Back
News

HBH forecasts persistent chill in City market

by Karen Lennox

Herring Baker Harris is expecting a permanently higher vacancy rate in the City office market — a phenomenon which it is dubbing the “permafrost” effect.

As the tenant base continues its decline the best new space will be absorbed most quickly, leaving secondary and poorer-quality properties to make up an increasingly large proportion of the vacant space available.

While the oversupply of space will still put downward pressure on rents throughout 1992, tenants can expect to receive the greatest concessions from landlords in the form of flexible lease packages. HBH foresees the 15-year lease becoming a more common phenomenon, with rent-free periods and break clauses continuing to feature widely.

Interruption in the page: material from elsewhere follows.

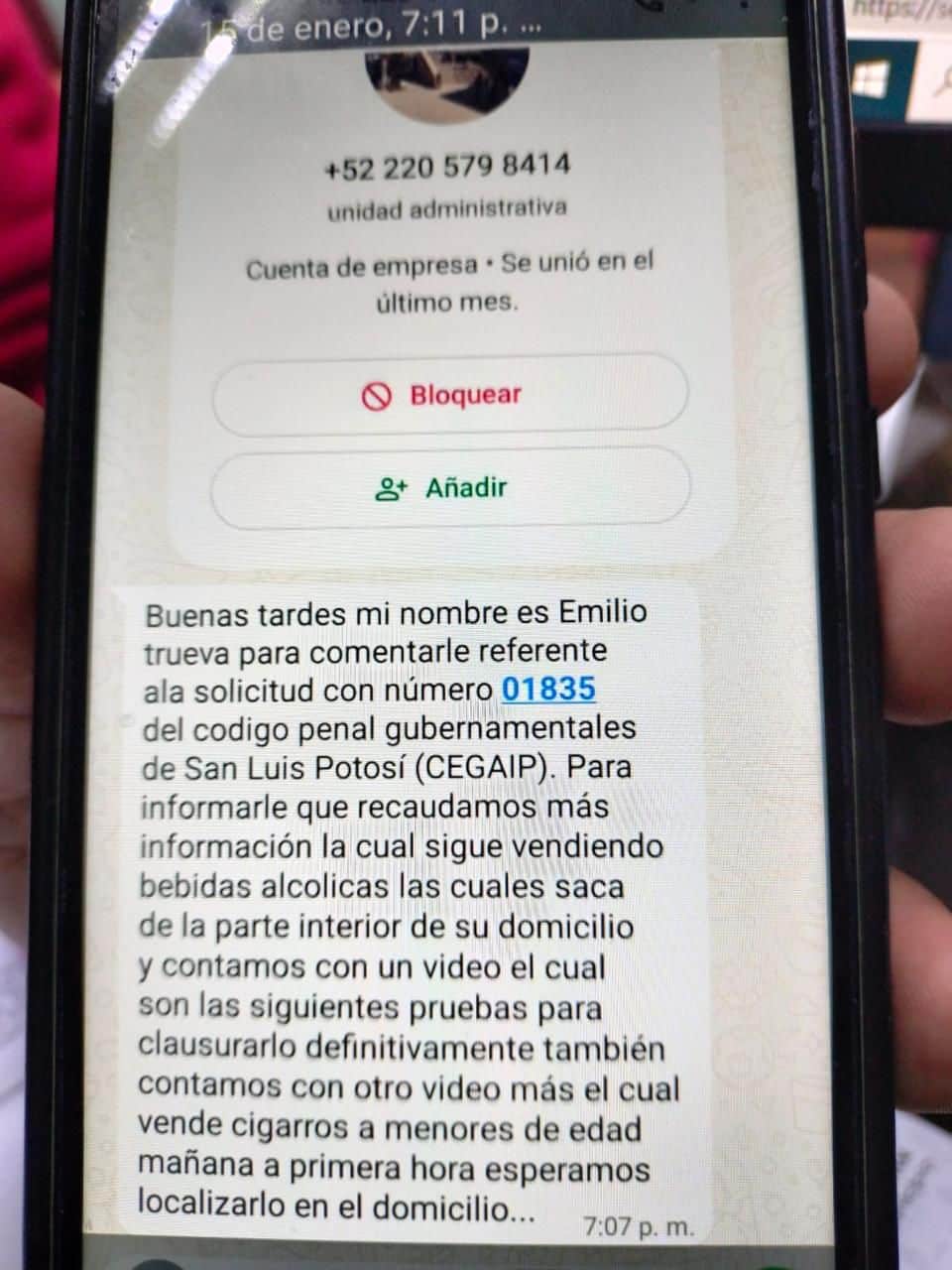 El Director de Comercio de San Luis Potosí, Ángel de la Vega Pineda, alertó a los comerciantes de la capital potosina sobre los mensajes que algunos recibieron desde un número de lada 202, correspondiente al estado de Puebla, en los que se les amenaza con sanciones o cierre de negocios. De acuerdo con los reportes, el remitente se presenta como inspector del municipio, solicitando pagos o acciones inmediatas bajo amenazas de clausura.

Despite the downward pressure it is not envisaged that rental values will fall substantially, but it will still be the next decade before top rents return to the levels reached in 1989-90. However, modest growth in the rents on good-quality space will ensure that the market remains relatively stable in the medium term.

HBH argues that the persistently high overall vacancy rate will inevitably have a dampening effect on rental growth, while, by the second half of the decade, a gradual flow of new developments will increase top-specification supply. Also, occupiers will continue to look outside the City for suitable space if their requirements cannot be fulfilled by existing City properties, which will add to a further deterioration in the market for secondary space in the City itself.

Overall, demand will be generated by recirculation — as tenants upgrade their accommodation by moving from poor to good space — rather than by an expansion in the tenant base.